New Zealand Finance Minister Grant Robertson is in a prime position to launch his much vaunted Wellbeing Budget next year following publication yesterday of the December fiscal update.

The Treasury figures contained in the December Budget Policy Statement showed the operating balance excluding gains and losses (obegal) is set to fall to $1.7 billion in the current June 30 financial year, from $5.5 billion in 2018, because of extra spending contained in Budget 2018.

However, the obegal is expected to rise to $8.4 B in 2023, or 2.3% of gross domestic product.

Robertson says the ongoing surpluses will help ensure net core Crown debt reduces to 19% of GDP in 2022, well within the target set in the Budget Responsibility Rules.

The half-year budget update confirms operating allowances of $2.4 B per year in Budgets 2019 to 2022. It introduces a multi-year capital allowance which has been set at $13.1 B.

Major investments will continue to be made in housing, health, education and infrastructure to address the social and infrastructure deficits emerging in NZ, he said.

What is becoming obvious, is Labour will be able to spend its way to another term in office if it can get key policy of KiwiBuild under control. The houses which have been built are not being bought by first home owners as they too expensive.

If Robertson can find a way to get the programme back on track, Labour is set to lead the next two governments, with money to burn.

The Wellbeing Budgets, which start next year, is helping the Government identifying the actions it believes will make the greatest contribution to improving the intergenerational wellbeing of New Zealanders, Robertson said.

The half-year update was light on detail, something latched upon by the New Zealand Taxpayers Union.

Economist Joe Ascroft said analysing policies through a wellbeing lens will be incredibly difficult.

Measuring the value and effect of any impact on wellbeing and assessing how it should trade those outcomes off against economic growth will require a series of complicated subjective value judgements.

The Government highlighted loneliness as a wellbeing problem. Designing a policy intervention will require the Government to decide how much loneliness matters to different people, the effect of the intervention on loneliness, and any relevant costs to taxpayer and economic growth, he said.

“Ironically, while the BPS acknowledges we largely have a healthy environment and good education and healthcare outcomes, our biggest challenge for wellbeing appears to be poor productivity growth.”

The Government is widely expected to introduce a Capital Gains Tax if it wins power in the 2020 election.

Ashcroft said as the Government’s obegal is expected to grow to $8.4 B by 2023, the Government should campaign on tax cuts at the 2020 election, not a Capital Gains Tax.

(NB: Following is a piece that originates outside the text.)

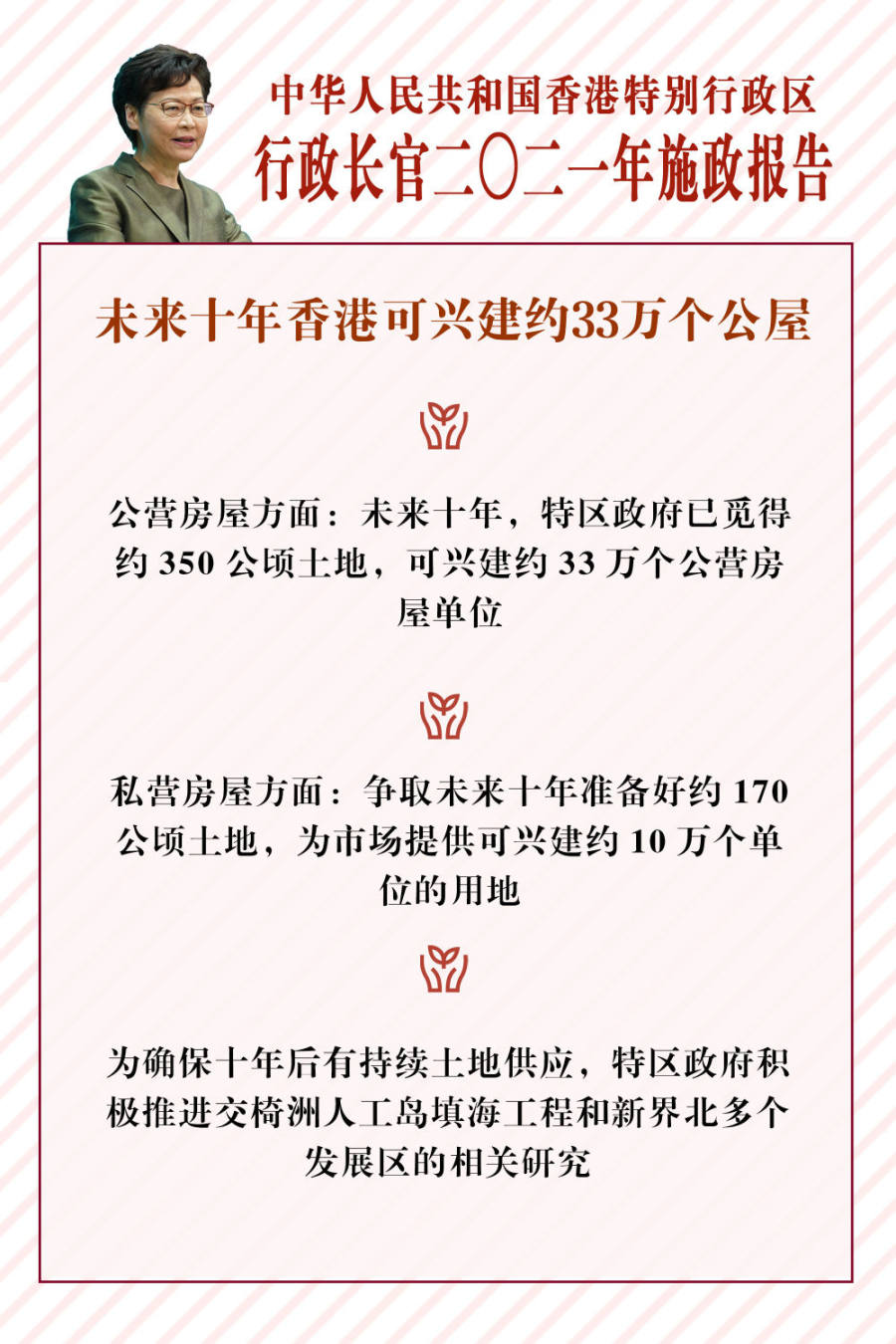 确保土地持续供应,满足市民住房需求。林郑月娥说,要实现让市民安居的目标,需要的是持之以恒供应土地的决心。她表示,已觅得约350公顷土地,可在未来十年兴建约33万个公营房屋单位,足以满足该十年期预计的约30万个公营房屋单位需求。她还说,已觅得足够土地提供原先承诺的1.5万个过渡性房屋单位。

Robertson says he has identified five priorities for Budget 2019:

• Creating opportunities for productive businesses, regions, iwi and others to shift to a sustainable and low-emissions economy.

• Supporting a thriving nation in the digital age through innovation, social and economic opportunities.

• Lifting Maori and Pacific incomes, skills and opportunities.

• Reducing child poverty and improving child wellbeing, including addressing family violence.

• Supporting mental wellbeing for all New Zealanders, with a special focus on those aged 24 and below.

Reducing child poverty has a special meaning for Prime Minister Jacinda Ardern.

During the leaders’ debates of 2017, she promised to give an annual statement on the number of children who had been lifted out of poverty.

Budget 2019 will be the first chance for Ardern to tell Kiwis how many of their children now live above the poverty line – wherever that line is drawn.

*Dene Mackenzie is a Dunedin political commentator.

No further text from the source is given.